Monday, July 27, 2009

Crying and smiling all before dinner.

(O.k. for those unfamiliar with me. I am one of the true night owls. Anyways my point is that most of my stuff will probably be posted, much like this one, late at night. That's just the way I am. I do my best work late at night. )

Monday July 27, 2009 was an odd one. Both frustrating, upsetting, and in the end satisfying. I made some bad choices and shirked my home duties (dishes and laundry and other things). While to some that may seem small to my wife it was just a lot of hassle she didn't need. Her work has been incredibly hard the past few months, her mother was admitted to the hospital on Friday, she has been having her own health issues recently and lately things at home have just been hectic. Since I work evenings she has no one to support her and today was the straw that broke her back. However we talked and talked and we both cried. In being selfish I honestly had no clue how much stress she was feeling right now. I should have but I didn't. Now I know and as God as my witness it wont happen again.

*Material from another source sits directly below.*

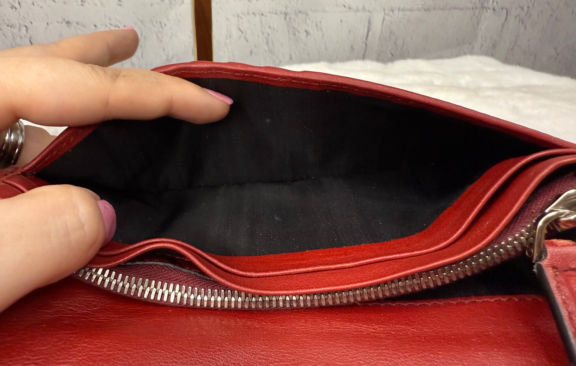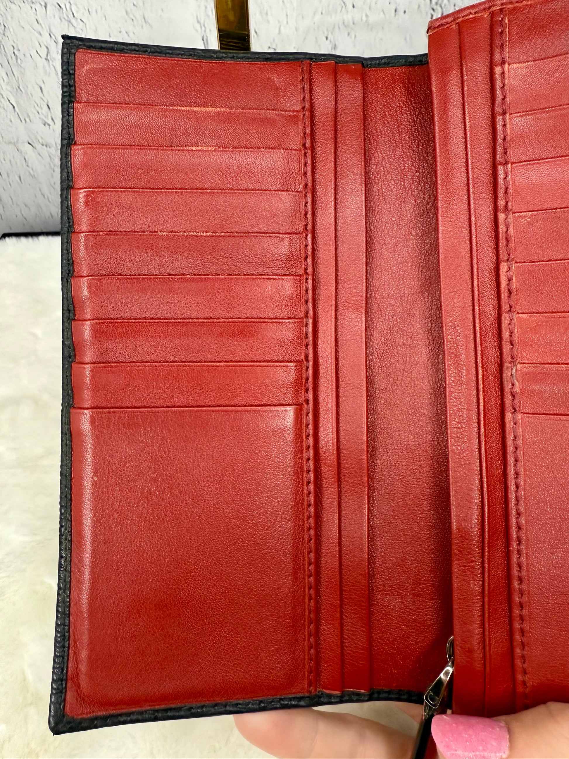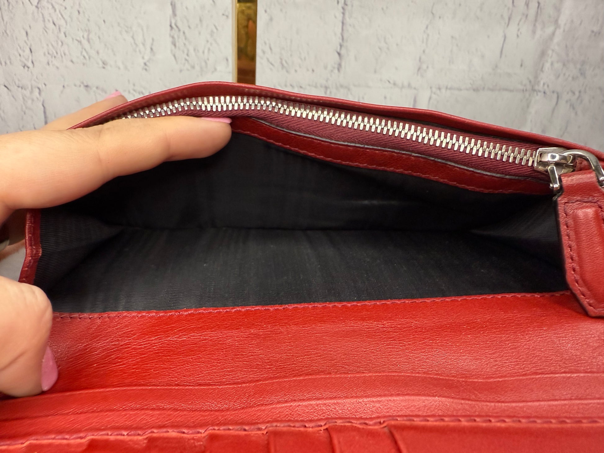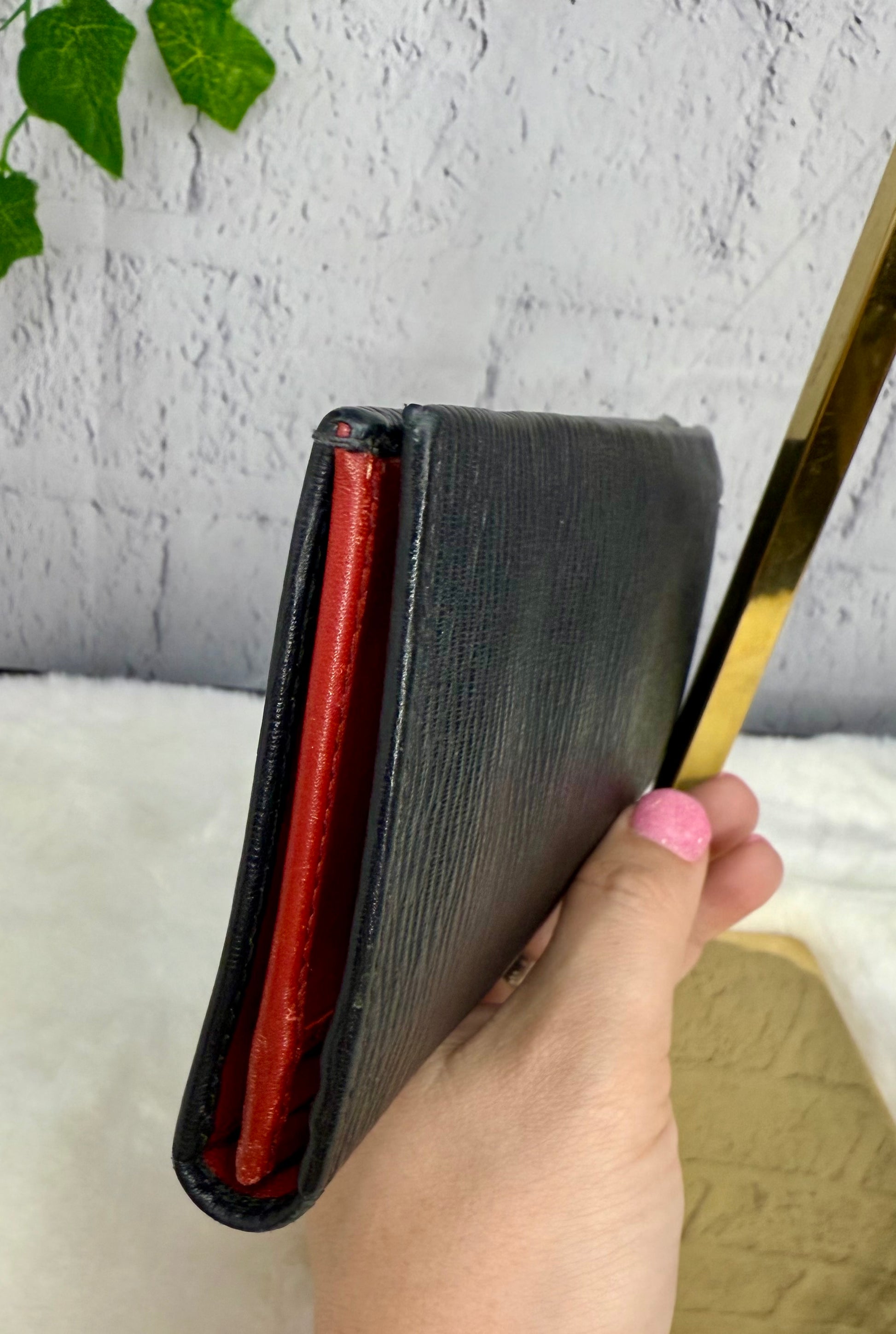 This authentic Salvatore Ferragamo Gancini Organizer Wallet is the perfect blend of fashion and practicality. The textured leather exterior adds a touch of sophistication while the bold red interior makes a statement. Keep your essentials organized in style!

Due to some personal stuff and work I've allowed myself to be very inactive creatively lately. However I feel a change deep inside and this blog is the first step on the road to where I want to be. The other day with only a mechanical pencil and an eraser I drew a picture of a starfish that actually made me proud. It was a piece of scrap done in less than an hour and yet I felt so good afterwards. I presented it to Kathy like a child anxiously hoping she would like my doodle. I can't call it much more than that but it opened something. Today I've been visiting some of my favorite writing websites. The stories there have gotten the wheels in my head turning again. I feel more empowered already.

2 comments:

Unknown said...

Power to the Peeps! You go boy! As some crazed fan said at a Hank Williams Jr. concert that me and the late Scott Hinkle went to, "Don't be scared of 'em, sing it boy!"

Jai Joshi said...

I hope you're wife starts feeling better and that her mother gets well soon.

That's brilliant news about your creative motivation returning. I'm doing the happy dance for you!